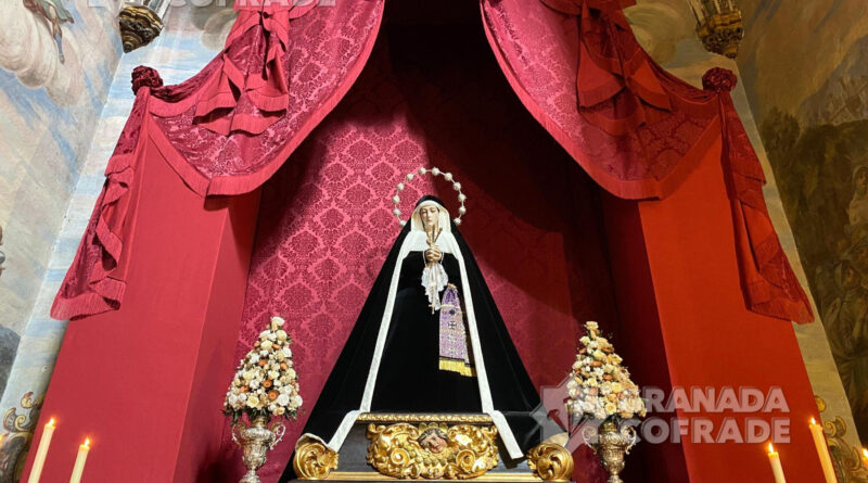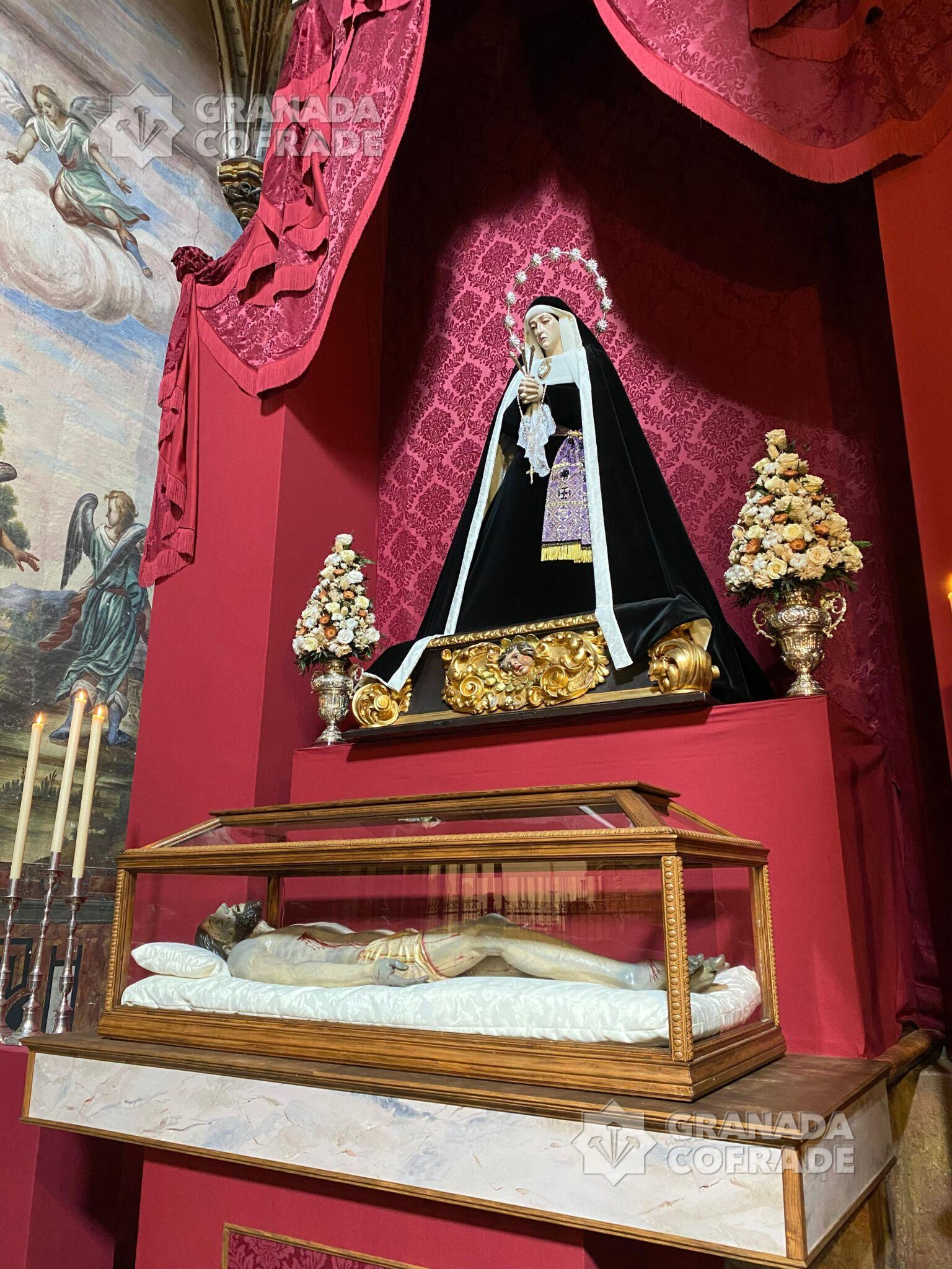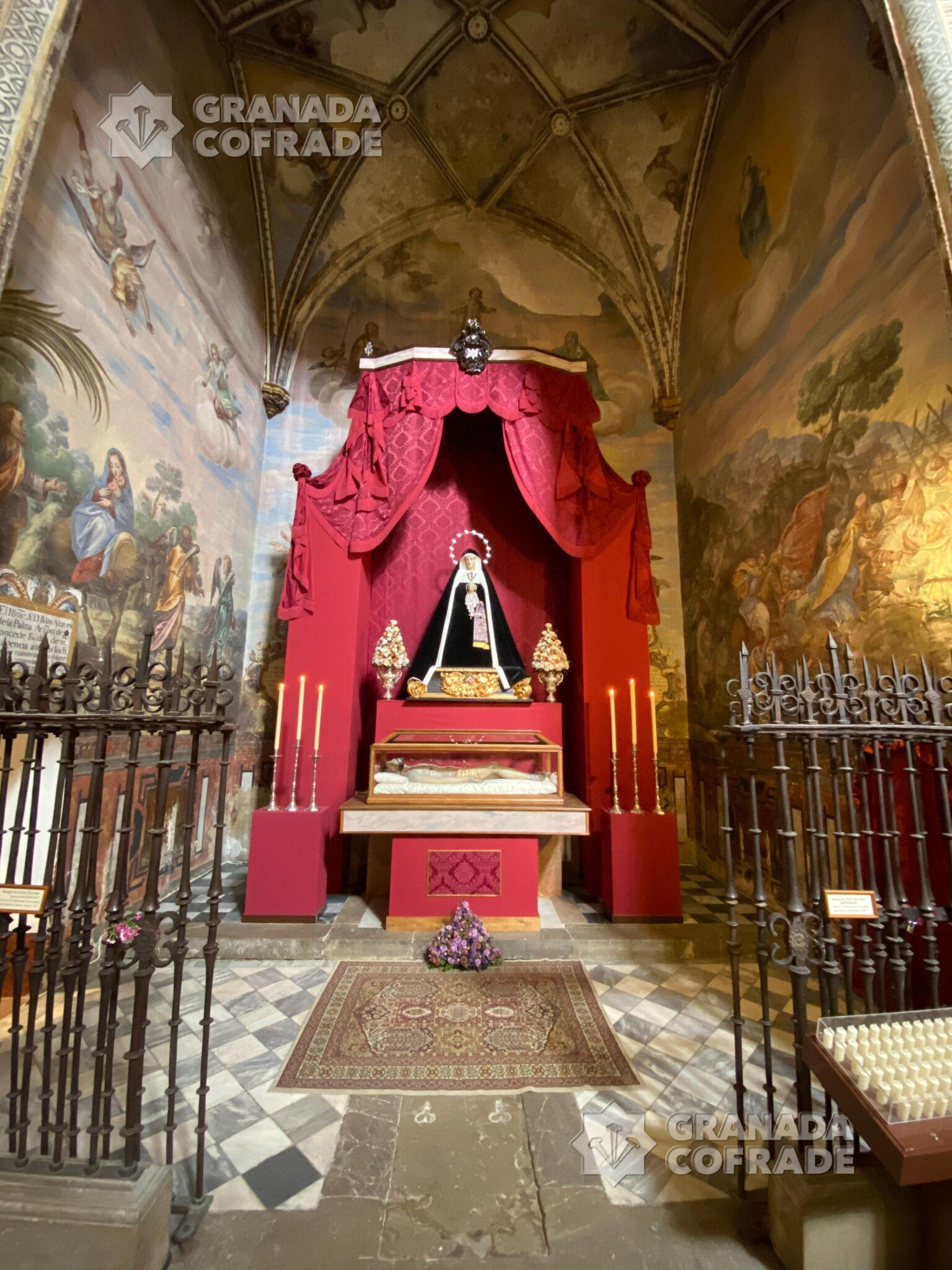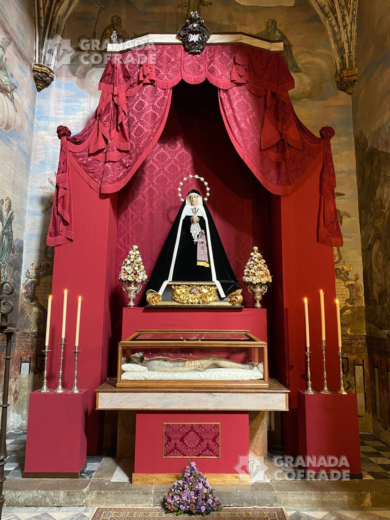 La Virgen de la Soledad se presenta ya bajo dosel de telas rojas y adamascadas para su veneración, en la capilla en la que habitualmente ha recibido culto desde su traslado de Santa Paula. El equipo de priostía de la cofradía al completo y la ayuda de más hermanos ha dado finalmente con el resultado que se contempla en las fotografías que adjuntamos. A modo de baldaquino, rematado con el símbolo de Ave María en cartela de madera barnizada, se ha dispuesto este pabellón con cortinajes recogidos a ambos lados, un tanto a imitación del que se reflejaba en los frescos de la capilla en la que se veneró el Santo Sepulcro de Jacobo Torni que se expone en la actualidad en el Museo de Bellas Artes de la Alhambra. También se ha levantado la imagen del Señor del Descendimiento sobre un altar para ganar altura.
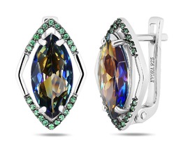 Серьги, мистик кварц синий , наноизумруд, Камея
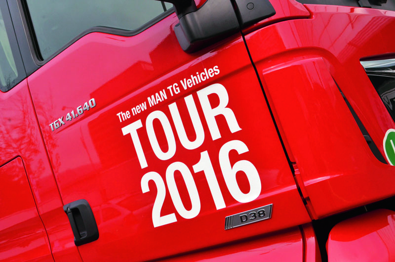 Během dvou podzimních měsíců, říjnu a listopadu, letošního roku proběhla významná dynamická prezentační akce s názvem MAN Tour 2016. V jejím rámci mnichovský výrobce představil při třídenních zastávkách ve vybraných cílových místech skupinu vozidel, z nichž každé je charakteristickým produktem pro daný segment provozu. Všechna vozidla jsou nositeli letošních konstrukčních vylepšení. MAN Tour 2016 započala 10. října v Německu. Pokračovala zastávkami v Rakousku, Francii, Španělsku, Belgii, Dánsku, Polsku a znovu Rakousku, odkud se na dny 14., 15. a 16. listopadu 2016 přesunula do České republiky, do Brna. Závěrečné etapy více než deset tisíc kilometrů dlouhé MAN Roadshow 2016 vedly všechna vozidla přes dvě zastavení v Rumunsku zpět na ulici Dachauer do německého Mnichova, kde bylo dynamické představení vozidel MAN 25. listopadu 2016 zakončeno. V České republice, v areálu brněnského výstaviště, bylo prezentováno dvanáct typických vozidel MAN pro dálkovou dopravu, stavební provoz, rozvážkovou dopravu, komunální služby, dopravu vytěženého dřeva a nadrozměrnou přepravu. Specialitou byla česká premiéra dvou modelů dodávkových vozidel MAN TGE.
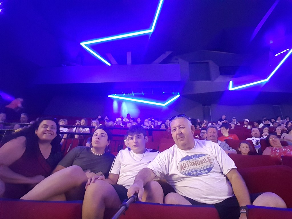 Familia: – La Máquina del Tiempo, superdivertido nos montamos en esta atracción a bordo de un tren sentado en un bater con gafas 3D y rodeado del mundo de los Rabbids, recorrimos momentos destacados de la historia, desde la prehistoria hasta la conquista del espacio, decorados animados y proyecciones 3D, una experiencia que nos sumergió en la tecnología 5D. No paramos de reir.
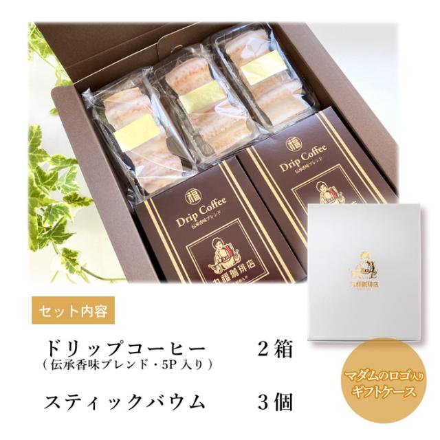 手土産 バレンタイン ギフト 珈琲 ドリップコーヒー2箱10袋と バウムクーヘン 3本 詰合せ スイーツ お取り寄せ 常温 公式 丸福珈琲店
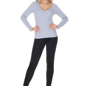 Dopasowana bluzka z długim rękawem. Bluzka z dekoltem w serek. Wysokiej jakości bawełna prążkowana.
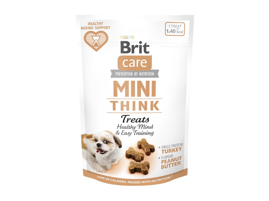 Brit Care Mini pamlsky – Think - Funkční pamlsky s ginkgo bilobou a borůvkami pro podporu mozkové činnosti, koncentrace a mentální aktivity malých psů. Vhodné pro psí seniory, aktivní plemena i při výcviku.
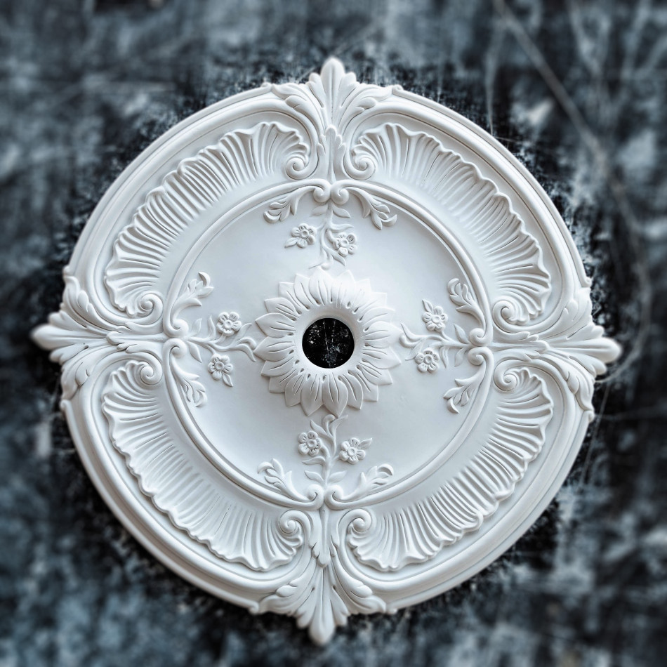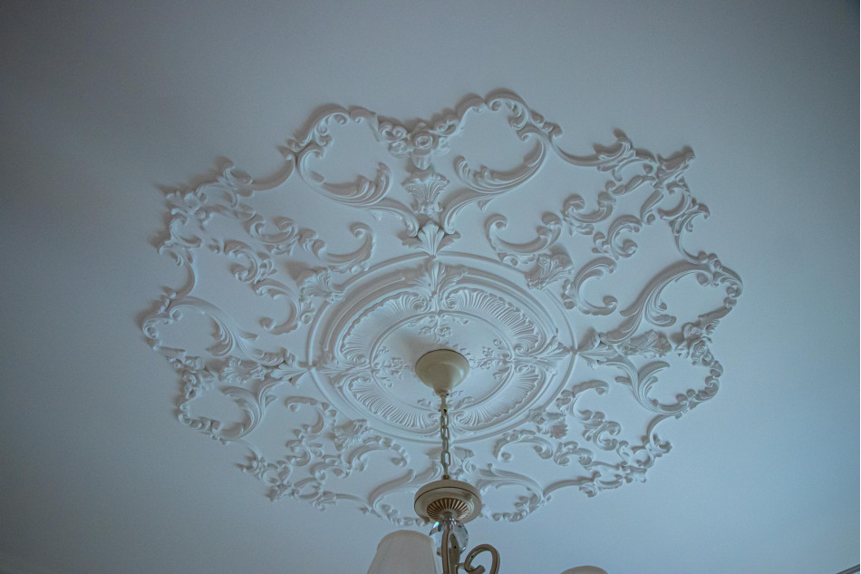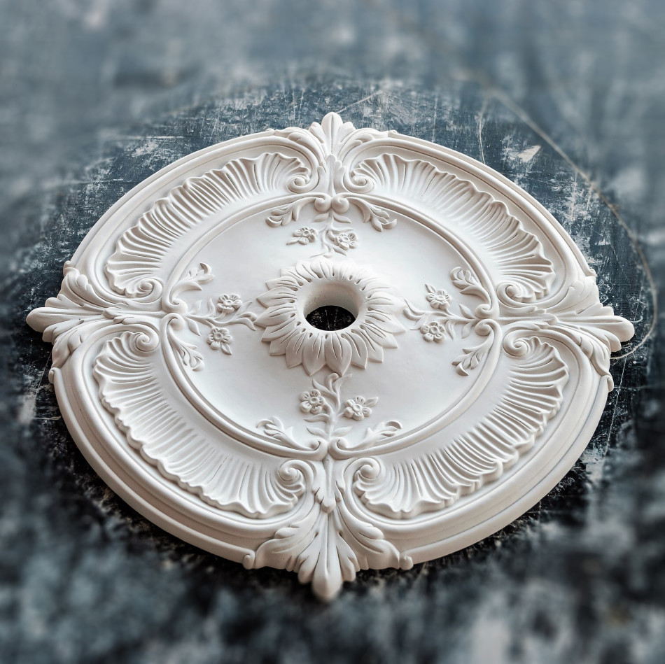 Гіпсовий стельовий медальйон гармонійно поєднується у

- _Directions_
Each record should be printed exactly as it appears, leaving the pictures out.

- _Answer to this problem_
 La Virgen de la Soledad se presenta ya bajo dosel de telas rojas y adamascadas para su veneración, en la capilla en la que habitualmente ha recibido culto desde su traslado de Santa Paula. El equipo de priostía de la cofradía al completo y la ayuda de más hermanos ha dado finalmente con el resultado que se contempla en las fotografías que adjuntamos. A modo de baldaquino, rematado con el símbolo de Ave María en cartela de madera barnizada, se ha dispuesto este pabellón con cortinajes recogidos a ambos lados, un tanto a imitación del que se reflejaba en los frescos de la capilla en la que se veneró el Santo Sepulcro de Jacobo Torni que se expone en la actualidad en el Museo de Bellas Artes de la Alhambra. También se ha levantado la imagen del Señor del Descendimiento sobre un altar para ganar altura.
 Серьги, мистик кварц синий , наноизумруд, Камея
 Během dvou podzimních měsíců, říjnu a listopadu, letošního roku proběhla významná dynamická prezentační akce s názvem MAN Tour 2016. V jejím rámci mnichovský výrobce představil při třídenních zastávkách ve vybraných cílových místech skupinu vozidel, z nichž každé je charakteristickým produktem pro daný segment provozu. Všechna vozidla jsou nositeli letošních konstrukčních vylepšení. MAN Tour 2016 započala 10. října v Německu. Pokračovala zastávkami v Rakousku, Francii, Španělsku, Belgii, Dánsku, Polsku a znovu Rakousku, odkud se na dny 14., 15. a 16. listopadu 2016 přesunula do České republiky, do Brna. Závěrečné etapy více než deset tisíc kilometrů dlouhé MAN Roadshow 2016 vedly všechna vozidla přes dvě zastavení v Rumunsku zpět na ulici Dachauer do německého Mnichova, kde bylo dynamické představení vozidel MAN 25. listopadu 2016 zakončeno. V České republice, v areálu brněnského výstaviště, bylo prezentováno dvanáct typických vozidel MAN pro dálkovou dopravu, stavební provoz, rozvážkovou dopravu, komunální služby, dopravu vytěženého dřeva a nadrozměrnou přepravu. Specialitou byla česká premiéra dvou modelů dodávkových vozidel MAN TGE.
 Familia: – La Máquina del Tiempo, superdivertido nos montamos en esta atracción a bordo de un tren sentado en un bater con gafas 3D y rodeado del mundo de los Rabbids, recorrimos momentos destacados de la historia, desde la prehistoria hasta la conquista del espacio, decorados animados y proyecciones 3D, una experiencia que nos sumergió en la tecnología 5D. No paramos de reir.
 手土産 バレンタイン ギフト 珈琲 ドリップコーヒー2箱10袋と バウムクーヘン 3本 詰合せ スイーツ お取り寄せ 常温 公式 丸福珈琲店
 Dopasowana bluzka z długim rękawem. Bluzka z dekoltem w serek. Wysokiej jakości bawełna prążkowana.
 Brit Care Mini pamlsky – Think - Funkční pamlsky s ginkgo bilobou a borůvkami pro podporu mozkové činnosti, koncentrace a mentální aktivity malých psů. Vhodné pro psí seniory, aktivní plemena i při výcviku.
 Гіпсовий стельовий медальйон гармонійно поєднується у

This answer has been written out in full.